The present invention relates to a method of preparing encapsulated pigments comprising a chromophoric [color-bearing] substance which is encapsulated in a transparent casing formed of a substance stable against chemical attacks and vitrification by means of compounding the chromophoric substance or its initial components with the encapsulating substance or its initial components and by a subsequent calcination at 500 to 1200.degree. C, optionally in the presence of a mineralizer.
Encapsulated pigments are coloring bodies in which discrete, inorganic color particles are embedded on all sides in mostly crystalline, transparent encasing substances, whereby the encasing substances are stable against vitrification and other chemical attacks. In principle, all known chromophoric, temperature-stable substances can be encapsulated, in particular cadmium sulfoselenides or sulfides, or sulfides, selenides and sulfoselenides of mercury and zinc, as well as gold purple, iron oxide and other colored metal oxides and metal oxide mixtures. Any suitable mixtures can also be used as is known in the art. In particular, zirconium silicate, zirconium oxide, silicon oxide, tin oxide, aluminum oxide, various spinels, zinc silicate, zirconium phosphate and aluminum phosphate have proven to be stable encasing substances. These encasing substances resist the attack of glass flows, oxygen at high temperatures and chemical substances such as e.g. acids.

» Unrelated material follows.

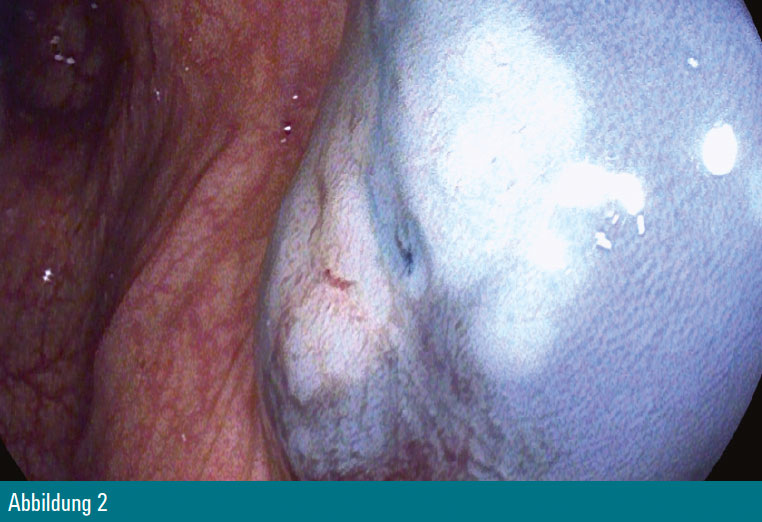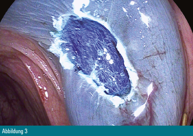 Nach Unterspritzen mit der Indigocarmin-NaCl 0,9%-Lösung und positivem Lifting Sign wurde die Läsion komplett mukosektomiert (Abbildung 2 und 3).

DE-OS 23 12 535 describes a method of preparing such inclusion pigments in which a mixture of the chromophoric substance or compounds from which the colored substance is formed and of the encasing substance or compounds from which the encapsulating substance forms during annealing is annealed at 800.degree. C to 1200.degree. C, optionally in the presence of a mineralizer such as e.g. lithium fluoride, magnesium fluoride and similar substances. These pigments are heated and cooked with acids in order to remove still-adhering, acid-soluble substances. It is also known that the chromophoric component and the encapsulating substance or its initial compounds can be precipitated from an aqueous solution in common or in series and subsequently calcined (e.g. EP 0,074,779; DE-OS 33 45 413).
All previously known methods do not yield optimum coloring bodies as regards their color intensity; low yields of inclusion pigments and too-high a portion of relatively large particles are obtained.